What is grief to you?

What is grief to you? Do you think that you know what it feels like for someone else? Do you think it can be defined? I have been doing some reading and learning more about how grief is defined, and interestingly there is not a clear answer. Although it can be defined as someone experiencing loss, it means different things to different people. Many people can ‘get over’ things more quickly than others; this can make the one still stuck feel as if there is something wrong with them.

I have also learnt that you cannot say, ‘OK, I am now grieving’. It’s a process; one step forward, two steps back kind of thing. It’s fuzzy, without borders and cannot be put in a box. So describing how grief feels to someone else, is quite difficult.

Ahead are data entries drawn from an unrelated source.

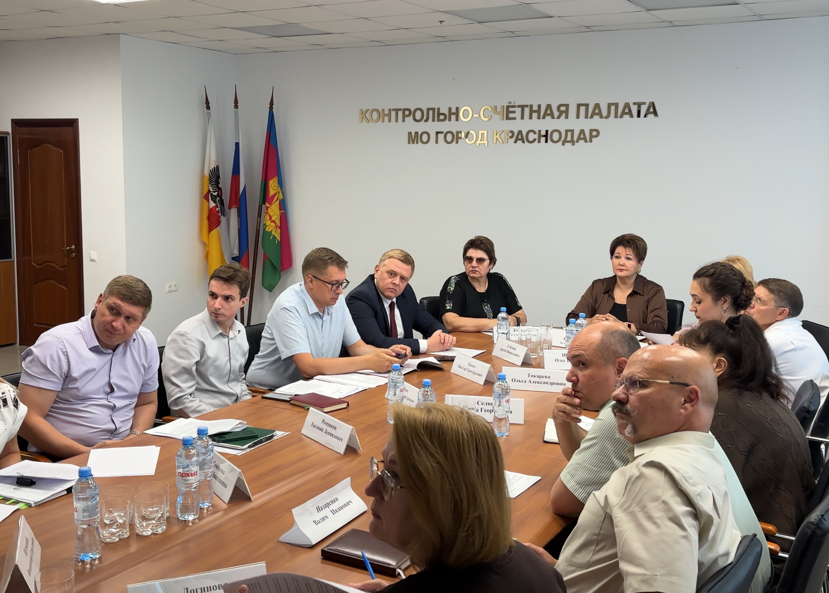 На расширенном заседании Коллегии Контрольно-счетной палаты города Краснодара обсудили результаты проверки работы МУП ВКХ "Водоканал" за 2023 год и первое полугодие 2024 года. Заседание проведено с участием руководства предприятия и представителей администрации города: директора МУП ВКХ "Водоканал" Валерия Дробота, директора департамента городского хозяйства и топливно-энергетического комплекса администрации МО город Краснодар Олега Шишковского, директора департамента муниципальной собственности и городских земель администрации МО город Краснодар Артема Губского и начальника управления цен и тарифов администрации МО город Краснодар Евгения Романкова.
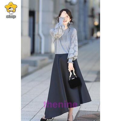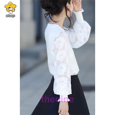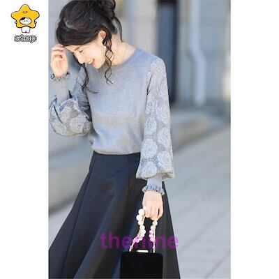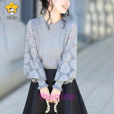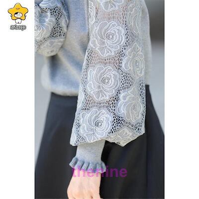 ニット レディース トップス 長袖 秋 冬 セーター レース パフスリーブ ニットソー プルオーバー 春 カジュアル ゆったり オフィス シンプル インナー 重ね着
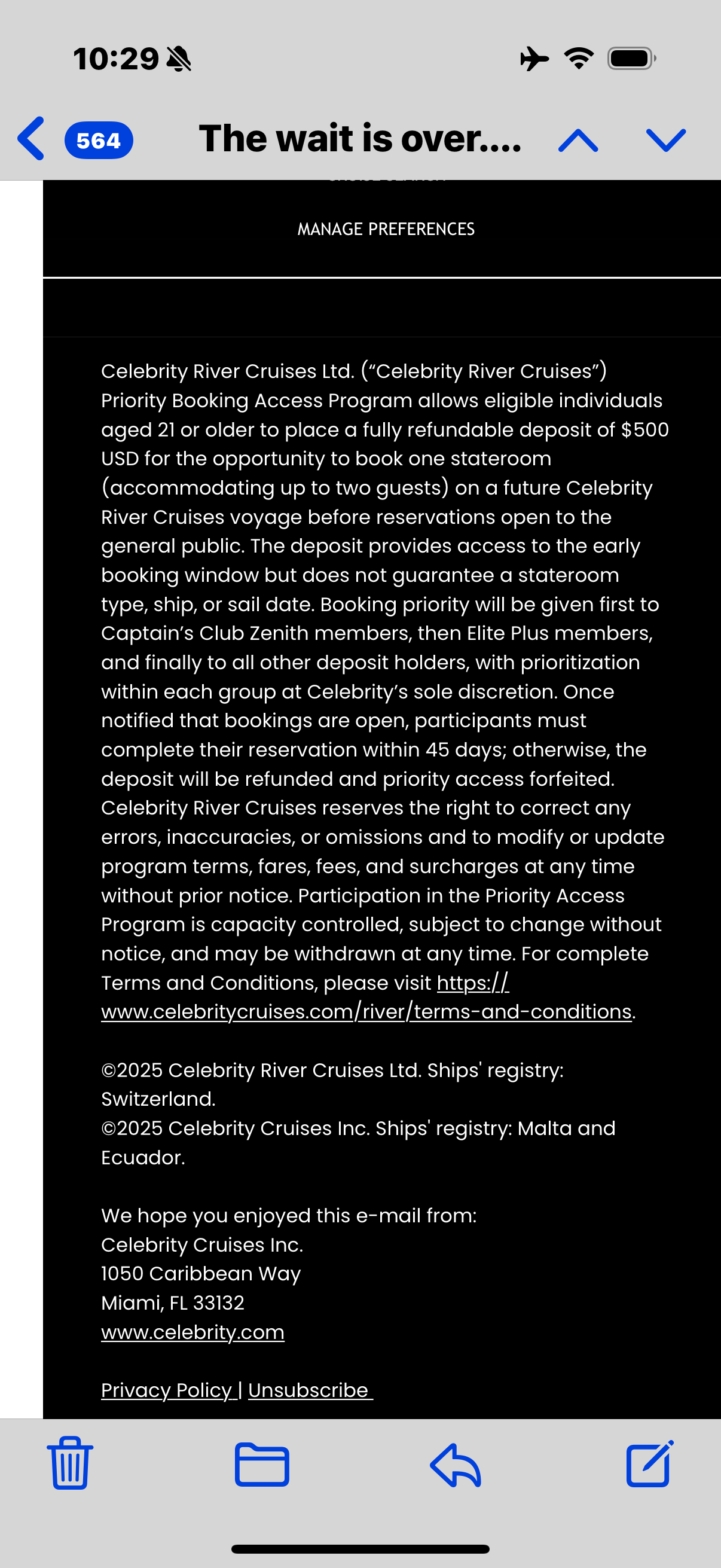 Pattycruise Posted August 19 Report Posted August 19 I received an email about when the bookings will open-priority access is September 3 and will allegedly go in order-Zenith, Elite plus then Elite…however having read it 3 times or more I’m not seeing anywhere that says how to make the $500 refundable deposit to secure a spot to potentially book. WAAAYTOOO 1 Quote

I am still grieving what I lost by having a child in the NICU, early, sick etc. I’m still grieving the first two years of his life and counting. The reality of having to mostly focus on medical issues rather than enjoying him and our life together, and it continues with sensory processing disorder and of course reflux and food allergies still there, underlying it all.

I grieve every time I have to say no to someone or something or cancel an appointment or engagement because it’s too hard to manage. I’m not cancelling because I’m depressed, I’m actually just not able to take Ripley to two birthday parties in one day or medical appointments and then somewhere else. He will have a meltdown. I have grief from this too because it’s not typical. Other people think it’s just a standard toddler tantrum I’m describing until they see a meltdown first hand.

I could post endless examples of the things I have grieved or am grieving, but all it would illustrate is how crappy things can be. On the other hand, last night I was able to get Ripley back to sleep by rubbing his back and he was pretending to snore which was funny but made me think that he was trying hard to go to sleep. He knows how I’m feeling, he is empathetic. This fills my heart with love and gives me some strength to keep going.

And love and strength are needed in order to process grief. One of the issues I’ve had is not being able to deal with the grief, my subconscious keeping it at arm’s length protectively. I can feel the bubbles of emotion, the tears prick my eyes when something bad happens now, whereas just a few months ago, I was a pillar of steel. People remarked how strong I was, but I knew that in fact, I was not strong, I was just coping. It might be splitting hairs, but to me, it matters. Being strong is being able to work with your emotions, to face them and to embrace them. It’s being able to feel your feelings, not ignore them, not to push them down.

But this is all grief. It is not just crying, not just shock, it is everything in between. It is a split second when something reminds you of the pain, it is the longing to change what has happened. Grief is powerful, taming it is hard.

Note: I feel grief is widely misunderstood in society. I have had people say to me ‘you have not lost anything, Ripley is alive’. I get why someone may think that but loss is not defined in black and white, it is much more complex. If you know someone grieving, please listen to them, be there for them. Don’t try to solve anything, don’t tell them ‘I don’t know how you do it’. Just say, ‘you are wonderful and I am here for you’, and let them talk if they want, or just share some time together.